**DATA EXCERPT:**
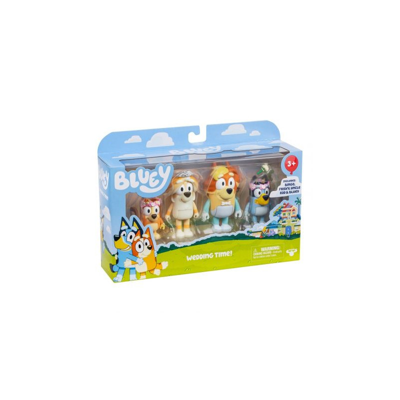 Zestaw dla każdego małego fana bajki Bluey. Ten ślubny zestaw zawiera Bluey, Bingo, Frisky i Wujka Rad - Chilli i siostrę Bluey.. Zabawka pozwoli na "dotknięcie" tej niesamowitej bajki w rzeczywistości.
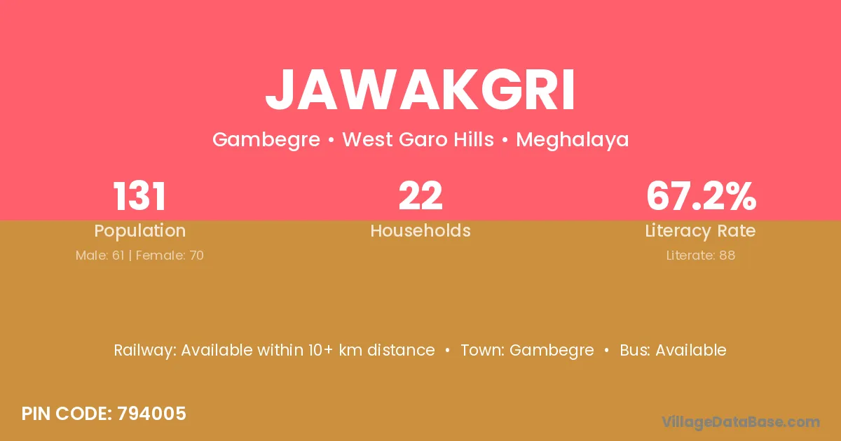 Jawakgri village has a total population of 131 people, of which 61 are males and 70 are females.
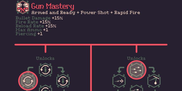 - Dominio de las armas (Armado y Listo + Disparo potente + Disparo rápido): Daño de bala +15 %, Tasa de fuego +15 %, Tasa de recarga +15 %, Munición máxima +1 y Perforación +1

**TASK GOAL:** Omit pictures and output the listing exactly.

**TASK OUTPUT:**
 Zestaw dla każdego małego fana bajki Bluey. Ten ślubny zestaw zawiera Bluey, Bingo, Frisky i Wujka Rad - Chilli i siostrę Bluey.. Zabawka pozwoli na "dotknięcie" tej niesamowitej bajki w rzeczywistości.
 Jawakgri village has a total population of 131 people, of which 61 are males and 70 are females.
 - Dominio de las armas (Armado y Listo + Disparo potente + Disparo rápido): Daño de bala +15 %, Tasa de fuego +15 %, Tasa de recarga +15 %, Munición máxima +1 y Perforación +1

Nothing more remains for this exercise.